Here are what I believe to be the critical pieces of information in determining where to branch:

1. Where are your customers now? Banks often have concentrations of customers that are in towns where they have no branches. This could be a significant starting base to grow your branch. I attended a banking conference recently where the presenter said your best source of new customers are the neighbors of your existing ones. If you have a solid foundation of households within a geography, that is a great start for a successful branch. Note I'm not suggesting branching just to bank existing customers, as that would erode overall profitability. But existing customers are the seedlings for new customers. So identify where your customers are.

2. Are there enough opportunities to bank your target customers in the new market? If you specialize in banking doctors and dentists and there are paltry few in the new market, I'm lost why you would consider going there. The exception may be that your niche rests on the loan side of the business, and funding those loans evolves from a more general strategy to generate funding. But if you can't dominate your niche in a certain geography, consider going somewhere where you can.

3. Is the market growing? Household and business growth demographics are pretty easy to obtain, either through government sources or systems such as your MCIF. Deposit growth and market share, and number of branches in a market (see tables) are available via the FDIC website. Are deposits increasing? Are competitors struggling? Are average deposits per branch increasing and of sufficient size to achieve your desired level of profitability?  

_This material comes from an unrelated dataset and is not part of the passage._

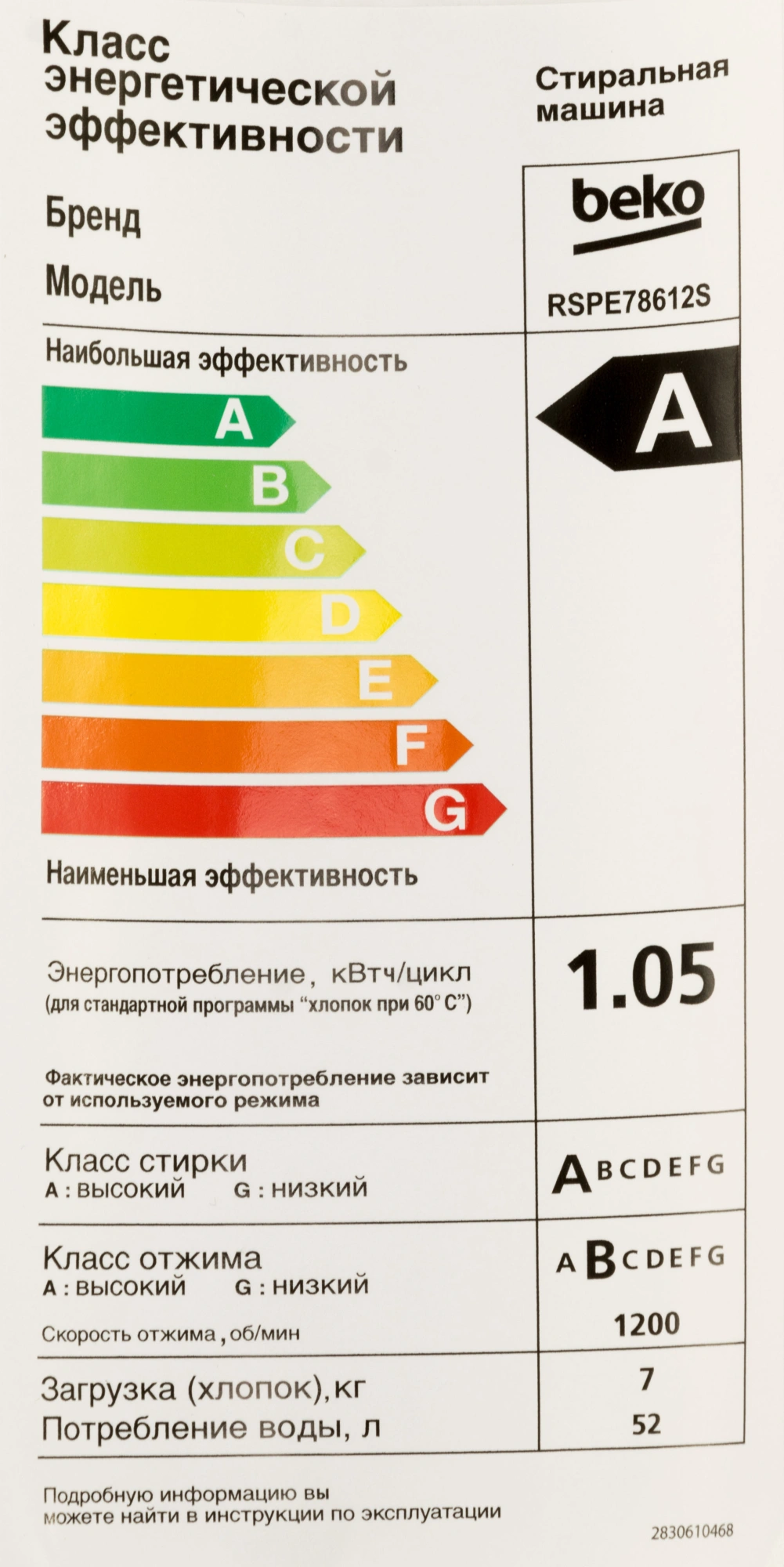 класс: A загр.фронтальная макс.:7кг серебристый ин...

4. Are bankers available to staff the branch? In nearly every strategic planning session I attend Senior Managements place great emphasis on successful strategy execution on their people. There is no substitute to having the type of staff with the greatest likelihood of successfully executing your bank's strategy in your new market. You want to fail? Put no emphasis on branch staffing. You'll fail. I guarantee it.

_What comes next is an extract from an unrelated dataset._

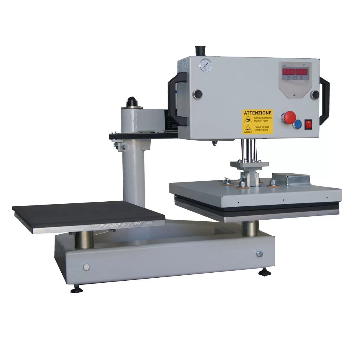 Termopressa pneumatica ad alte prestazioni per il trasferimento termico in vari supporti quali: tessuto, legno, metallo, ceramica, vetro, puzzle, tappetini mouse, etc. Costruita interamente in acciaio, verniciata con polveri epossidiche. Elegante e di estrema maneggevolezza.

5. Is a reasonable site available. I'm a realist. You can set your branch up for failure if you don't find a reasonable site. The term reasonable is in the eye of the beholder, but if you are tucked in the middle of a dying strip mall, that may not bode well for your visibility and your brand. Find a location where your people can succeed.

6. Can you de-branch painlessly? This is a new question for your branch analysis. There will come a time when your contemplated branch, and other branches in your network, will be unnecessary. Customers will be accustomed to banking online and/or via mobile, advice and problem solving can happen via the phone or in-person visits to the customer, and the psychological attachment to the branch will be gone. Can you close shop without incurring significant expense? 

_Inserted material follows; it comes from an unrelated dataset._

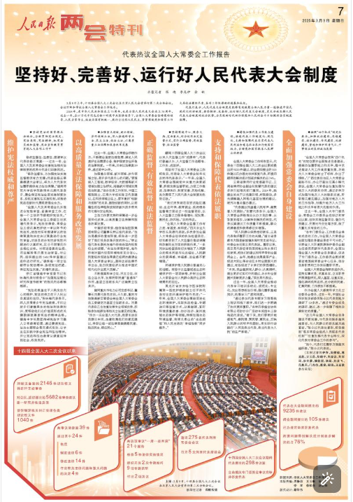 “修改監督法,為加強憲法實施監督提供有力支撐;代表法修正草案提請大會審議,將為人大代表依法履職提供有力法治保障。”湖南師范大學法學院教授肖北庚代表表示,健全保證憲法全面實施制度體系,系統完善憲法實施機制,將推動憲法在新時代展現更強生命力。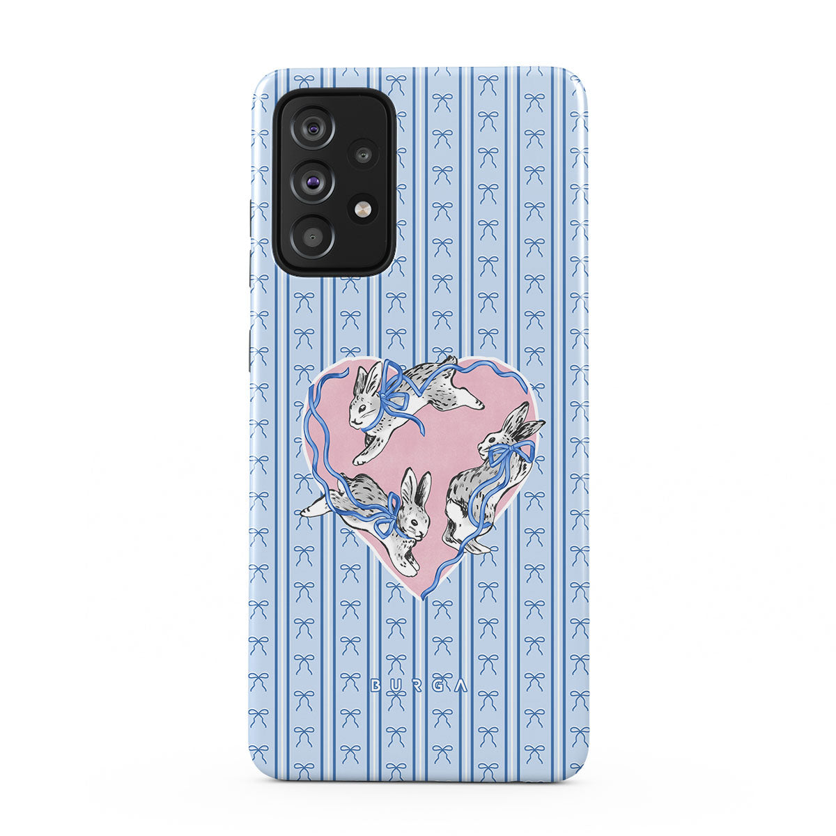Kenmerken van dit design: witte konijnen, hartenlijst, blauwe strepen

I don't think branching is dead. But I do think that the need for marquis, high cost branches is waning, and smaller and more tech savvy branches will emerge as the norm. I also think staff per branch will decline, but capabilities per staffer will increase. The importance of getting your next branch decision right is critical to successful execution of your strategy. Don't let your director bully you into putting one near his/her house.

How do you think branching decisions should be made?